This all works nicely but we could be more efficient using the pipe operator %>%, which allows to perform a sequence of operations on a primary object.

# one-ish line with pipe %>%
all_t <- all %>% # select tibble
  gather(key = student, value = vi, -Pi)  %>%  
  mutate(exp =  substr(student,1,4)) %>%  
  relocate(where(is.character), .before = where(is.numeric))

Both tibbles are indeed identical.

all_equal(all_t,all_3)
## [1] TRUE
Graphs

We will use ggplot2 to create graphs using the groups we have defined previously (students and experiments) [BTW it is also part of tidyverse]. There it is easy to assign specific colours and/or shapes depending on the groups and also to plot specific groups.
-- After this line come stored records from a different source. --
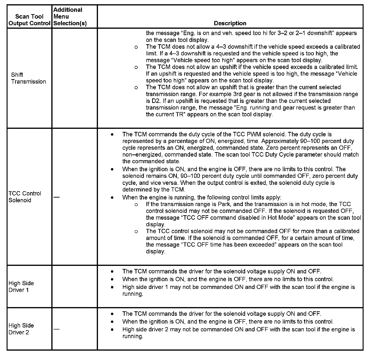 Scan Tool Output Controls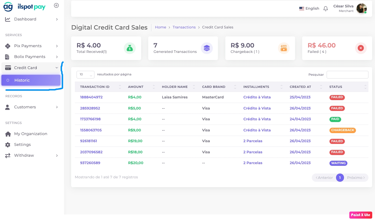 The second card informs about the Generated Transactions, which is the quantity in units of initiated transactions, including those awaiting payment, paid, refunded, among others.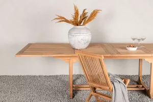 Раздвижной стол из тикового дерева с механизмом бабочки. Идеально подходит для большой компании из 10-12 человек. За счет ширины 110 см даже с торцов может комфортно разместиться по два человека. На нижней стороне имеются легко снимаемые металлические застежки, которые удерживают механизм двойного выдвижения на месте по всем направлениям.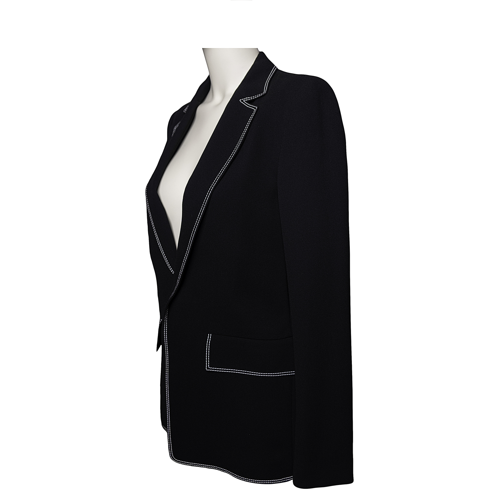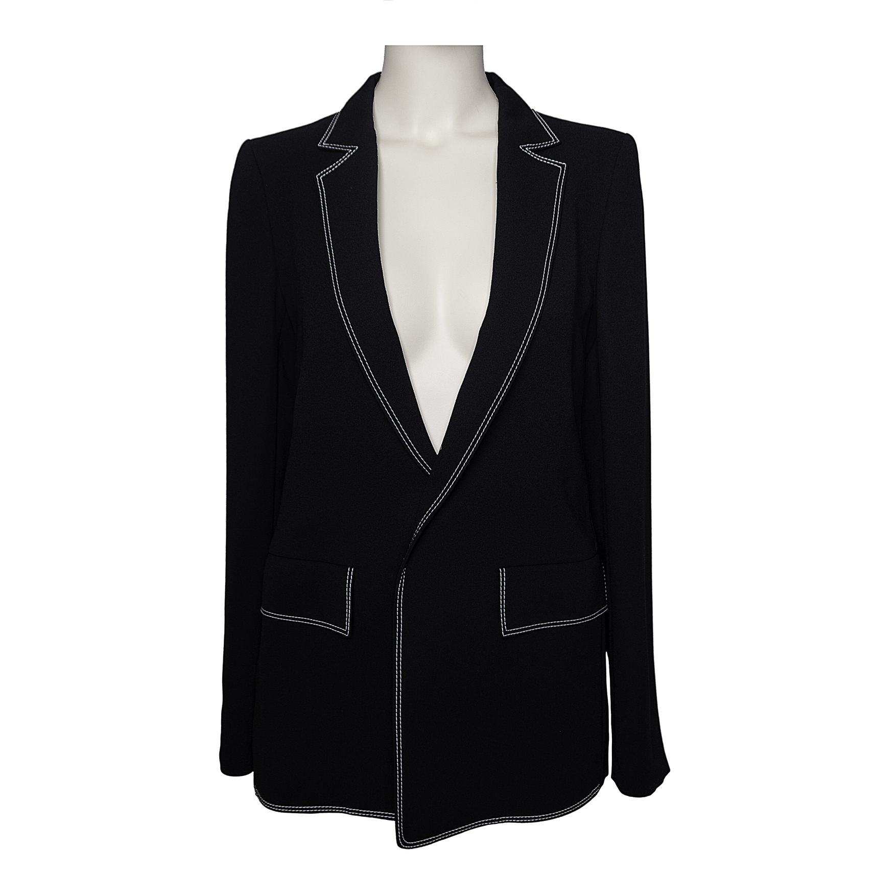 Жакет чорний з оздобленням подвійним контрастним білим швом

Just look at the scripts below.

#################################
##########  graphs  #############
#################################

# plot: 2 experiments = 2 shapes, 6 students = 6 grey levels
p1<-ggplot(data=all_t) +
  geom_point(aes(x=Pi, y=vi, color=student , shape = exp),size=3) +
  scale_color_grey()+
  theme_light(base_size=14)
p1
## Warning: Removed 9 rows containing missing values (geom_point).

# plot: all students having performed exp AMPP
p2<-ggplot(filter(all_t, exp == 'AMPP')) +
  geom_point(aes(x=Pi, y=vi, color=student),size=3) +
  scale_color_grey()+
  theme_light(base_size=14)
p2
## Warning: Removed 2 rows containing missing values (geom_point).

# plot: all students having performed exp AMPM
p3<-ggplot(filter(all_t, exp == 'AMPM')) +
  geom_point(aes(x=Pi, y=vi, color=student),size=3) +
  scale_color_grey()+
  theme_light(base_size=14)
p3
## Warning: Removed 7 rows containing missing values (geom_point).

Basic Operations

First thing we can do is to average on multiple rows. There are different ways to do that. Here, I have chosen to use the rowwise function. As you can see below, it is easy to select all columns satisfying a certain condition or specific columns only.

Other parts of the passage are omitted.